- _Data block_

++++

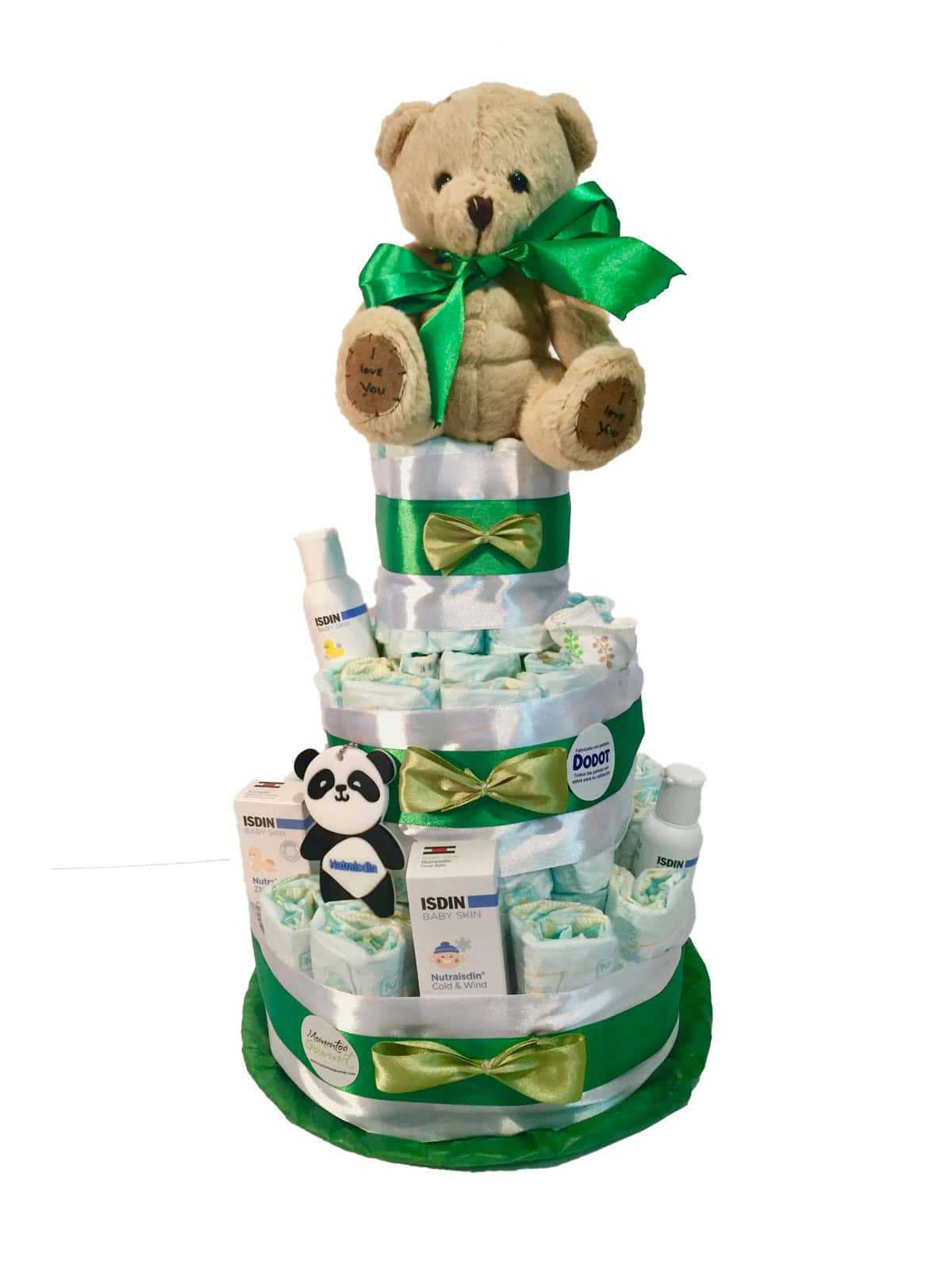 Los productos Nutraisdin de Isdin que completan este pastel pañales, son esenciales para el aseo del bebé y el cambio de pañal. Hemos elegido esta marca por la calidad y variedad de sus productos. Es una empresa con más de 20 años de experiencia en el sector. Seguro que los padres sabrán apreciar este magnífico detalle. Son productos diseñados para proteger, suavizar y evitar la deshidratación de la bebé gracias a la provitamina B5. Sus fórmulas están testadas dermatológicamente y pediátricamente.
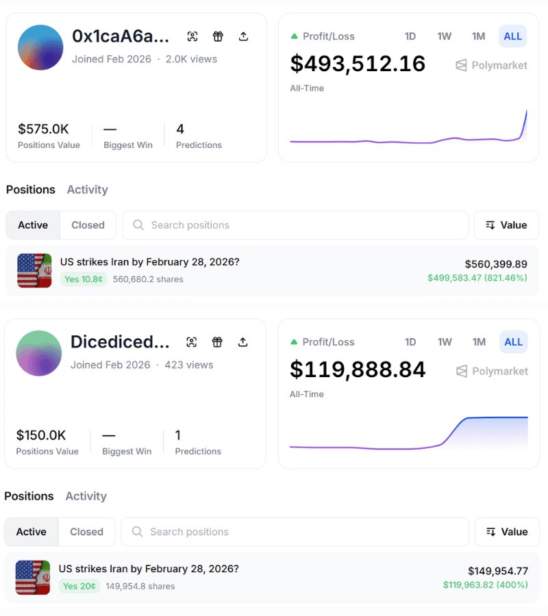 - "Six suspected insiders made $1.2M betting on a US strike "
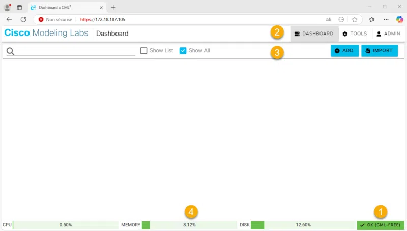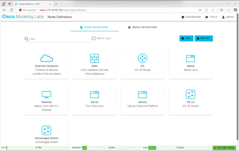 CML peut être installé sur un serveur bare-metal ou en tant que machine virtuelle sur un hyperviseur. Si vous prévoyez de simuler un grand nombre de nœuds, il est conseillé d’opter pour une machine avec au moins 64 Go de RAM et un processeur puissant.

++++

- _To do_
Could you give again precisely the lines from the one containing "suspected insiders made" through the final line of the material above, both included, and no others, dropping the pictures?

- _Solution to this problem_
 - "Six suspected insiders made $1.2M betting on a US strike "
 CML peut être installé sur un serveur bare-metal ou en tant que machine virtuelle sur un hyperviseur. Si vous prévoyez de simuler un grand nombre de nœuds, il est conseillé d’opter pour une machine avec au moins 64 Go de RAM et un processeur puissant.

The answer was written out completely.